Abstract

Polyhydroxyalkanoates (PHA) are bio-based and compostable polyesters while at the same time exhibiting physical and mechanical properties similar to conventional fossil-based plastic materials. To make the biotechnical production of PHA economically feasible, the utilization of a low-value feedstock, such as lignocellulosic biomass (LCB), is a common strategy to reduce both, the production costs and the energy consumption. The main problem of using LCB is the need of time-consuming, expensive and even hazardous pretreatments due to the resistance of those substrates to direct bioconversion by microorganisms. Preprocessing of LCB might claim make up for more than 30% of the total PHA production costs. Amongst carbon-rich waste materials, agricultural and in particular fruit residues are highly promising substrates since they are abundant, easily available and most importantly contains high amounts of fermentable sugars.
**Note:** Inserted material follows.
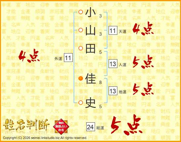 小山田佳史さんの総運は24画の5点!

A PHA production system based on fruit residues that do not require elaborate pretreatment represents a cleaner and sustainable process while at the same time making use of an agricultural waste stream. In addition to these characteristics, fruit residues can be considered as a sustainable substrate for PHA production because they do not compete directly with food crops. Scaling up and optimizing this process to utilize by-products from the fruit industry together with the integration of strategies to reduce energy, water and mass resources will not only make the production of microbial bioplastics such as PHA an eco-friendly process, but also help transform our industry into a bioeconomy with circular product streams. In this study, the use of fruit residues as potential feedstock in PHA production processes was analyzed, including biochemical pathways, pretreatments, production yields and other biotechnological aspects.